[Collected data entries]
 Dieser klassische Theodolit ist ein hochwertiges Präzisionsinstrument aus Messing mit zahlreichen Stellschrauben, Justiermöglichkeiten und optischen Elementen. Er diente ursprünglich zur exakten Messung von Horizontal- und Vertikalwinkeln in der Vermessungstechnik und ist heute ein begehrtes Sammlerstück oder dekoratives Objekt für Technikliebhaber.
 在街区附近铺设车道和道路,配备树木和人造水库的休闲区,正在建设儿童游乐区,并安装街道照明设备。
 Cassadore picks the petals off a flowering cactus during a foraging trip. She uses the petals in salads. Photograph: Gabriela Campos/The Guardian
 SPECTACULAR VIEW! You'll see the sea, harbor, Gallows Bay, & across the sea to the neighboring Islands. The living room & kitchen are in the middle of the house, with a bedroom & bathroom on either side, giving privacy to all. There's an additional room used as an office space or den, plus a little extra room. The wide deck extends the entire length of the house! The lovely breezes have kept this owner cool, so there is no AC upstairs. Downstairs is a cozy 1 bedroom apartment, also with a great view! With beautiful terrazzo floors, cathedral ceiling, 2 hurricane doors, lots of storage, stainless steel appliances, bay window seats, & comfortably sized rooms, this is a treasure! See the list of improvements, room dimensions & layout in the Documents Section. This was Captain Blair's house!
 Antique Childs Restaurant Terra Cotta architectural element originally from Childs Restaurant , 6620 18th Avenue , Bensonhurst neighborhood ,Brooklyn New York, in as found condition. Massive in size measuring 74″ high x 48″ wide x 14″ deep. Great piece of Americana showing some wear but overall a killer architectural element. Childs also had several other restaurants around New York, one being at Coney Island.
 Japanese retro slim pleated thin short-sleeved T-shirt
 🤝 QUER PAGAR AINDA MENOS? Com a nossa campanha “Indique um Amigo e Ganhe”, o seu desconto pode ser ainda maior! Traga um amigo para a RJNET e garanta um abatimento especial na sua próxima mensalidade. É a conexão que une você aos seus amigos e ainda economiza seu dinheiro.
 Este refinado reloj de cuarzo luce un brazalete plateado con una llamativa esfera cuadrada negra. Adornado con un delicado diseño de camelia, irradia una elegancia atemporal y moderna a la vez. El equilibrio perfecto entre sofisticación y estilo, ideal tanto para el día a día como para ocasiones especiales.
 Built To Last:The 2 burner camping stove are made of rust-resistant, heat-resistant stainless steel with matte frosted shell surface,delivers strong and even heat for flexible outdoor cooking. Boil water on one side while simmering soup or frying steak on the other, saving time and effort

• [PROBLEM TO WORK ON] Give back each record, exactly as it reads.

• [RESPONSE TO THIS EXERCISE]
 Dieser klassische Theodolit ist ein hochwertiges Präzisionsinstrument aus Messing mit zahlreichen Stellschrauben, Justiermöglichkeiten und optischen Elementen. Er diente ursprünglich zur exakten Messung von Horizontal- und Vertikalwinkeln in der Vermessungstechnik und ist heute ein begehrtes Sammlerstück oder dekoratives Objekt für Technikliebhaber.
 在街区附近铺设车道和道路,配备树木和人造水库的休闲区,正在建设儿童游乐区,并安装街道照明设备。
 Cassadore picks the petals off a flowering cactus during a foraging trip. She uses the petals in salads. Photograph: Gabriela Campos/The Guardian
 SPECTACULAR VIEW! You'll see the sea, harbor, Gallows Bay, & across the sea to the neighboring Islands. The living room & kitchen are in the middle of the house, with a bedroom & bathroom on either side, giving privacy to all. There's an additional room used as an office space or den, plus a little extra room. The wide deck extends the entire length of the house! The lovely breezes have kept this owner cool, so there is no AC upstairs. Downstairs is a cozy 1 bedroom apartment, also with a great view! With beautiful terrazzo floors, cathedral ceiling, 2 hurricane doors, lots of storage, stainless steel appliances, bay window seats, & comfortably sized rooms, this is a treasure! See the list of improvements, room dimensions & layout in the Documents Section. This was Captain Blair's house!
 Antique Childs Restaurant Terra Cotta architectural element originally from Childs Restaurant , 6620 18th Avenue , Bensonhurst neighborhood ,Brooklyn New York, in as found condition. Massive in size measuring 74″ high x 48″ wide x 14″ deep. Great piece of Americana showing some wear but overall a killer architectural element. Childs also had several other restaurants around New York, one being at Coney Island.
 Japanese retro slim pleated thin short-sleeved T-shirt
 🤝 QUER PAGAR AINDA MENOS? Com a nossa campanha “Indique um Amigo e Ganhe”, o seu desconto pode ser ainda maior! Traga um amigo para a RJNET e garanta um abatimento especial na sua próxima mensalidade. É a conexão que une você aos seus amigos e ainda economiza seu dinheiro.
 Este refinado reloj de cuarzo luce un brazalete plateado con una llamativa esfera cuadrada negra. Adornado con un delicado diseño de camelia, irradia una elegancia atemporal y moderna a la vez. El equilibrio perfecto entre sofisticación y estilo, ideal tanto para el día a día como para ocasiones especiales.
 Built To Last:The 2 burner camping stove are made of rust-resistant, heat-resistant stainless steel with matte frosted shell surface,delivers strong and even heat for flexible outdoor cooking. Boil water on one side while simmering soup or frying steak on the other, saving time and effort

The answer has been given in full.